If you simply cannot avoid having your in-laws at your house for longer than 45 minutes, take your baby to your room and lock the door and only come out between feedings to let your in-laws see their new grandchild. You’ll be nursing around-the-clock in those early weeks (I’m assuming you’ll be nursing since you mention breastfeeding, but even that is something you don’t have total control over…) and, truthfully, there won’t be a lot of time for anyone else to hold the baby anyway. You can bring the baby out for 30 minutes to be held and then take her back to your room, lock the door, and enjoy your privacy.

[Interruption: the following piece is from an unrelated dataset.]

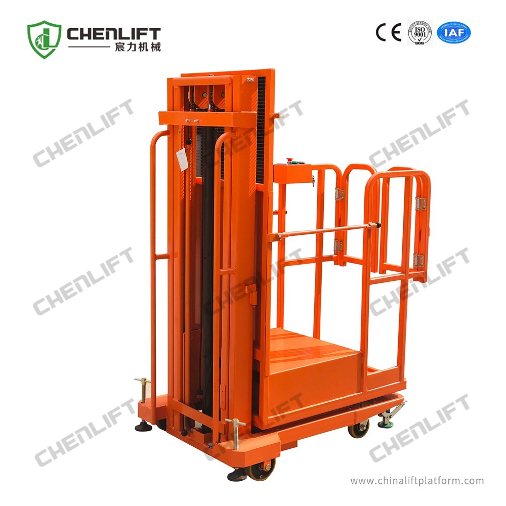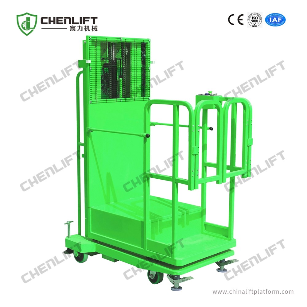 Semi-electric Aerial Order Picker is widely used in the fields of hotel, building, warehouse, library, supermarket rack, workshop, elevator portal, supermarket, subway station, and other office building high altitude maintenance.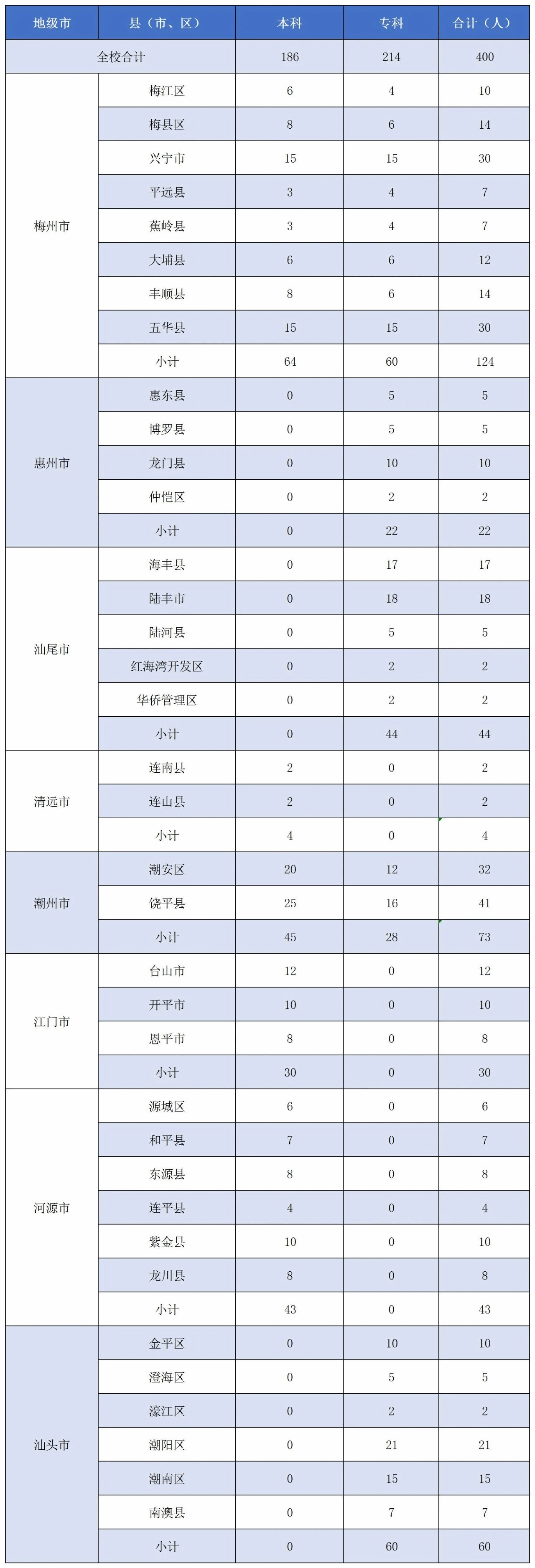 2021年我校订单定向培养临床医学专业医学生招生计划400个,包括本科计划186个,专科计划214个。定向地区涵盖梅州市、惠州市、汕尾市、清远市、潮州市、江门市、河源市、汕头市。具体招生计划详见下表《嘉应学院2021年订单定向临床医学专业医学生培养计划表》。

Finally, we’re talking about a few days here, right? A few days that may or may not fall in your first week of parenthood. And you’re so wound up about protecting your space which, again, may not yet even include a baby, that you’re concerned about starting a huge family feud over it? Look, I know how crazy the pregnancy hormones can make you feel, and I know how overwhelming the thoughts of first-time parenthood are. I know those early days as a new mother are so precious and it’s natural to want to protect that time and keep it as free from intrusion as you can. But I also know what the reality of all of this is. I know what the other side looks like and feels like. And I know that parenthood is nothing if not a very long exercise in sacrifice. You sacrifice your time, your energy, your own wants, and often your own needs. Most of all, you sacrifice your plans and fantasies of life with a baby or young child for the stark realities of that life — including a stunning lack of sleep (and privacy!) — and you do that over and over and over. And as you do that, you continue re-adjusting your boundaries and learning what your true deal-breakers are. You continue re-calculating and fine-tuning your needs, re-charging your batteries in the tiny pockets of time you find to breathe deeply, even if that means shutting and locking your door to the outside world for five minutes.
In short: In the coming years, you will be faced with many, many potential battles over what you want. I suggest you pick the ones that are really important to you and let the others go. It’s hard to know now what could be more important than the first week at home with your new baby, but, if you can manage to avoid a “huge family feud,” you will have more leverage in the future when the stakes might be higher and you won’t have doctor’s orders as an excuse or the explanation of breast-feeding to lock yourself in your bedroom and shut yourself off from the rest of the world for an hour at a time.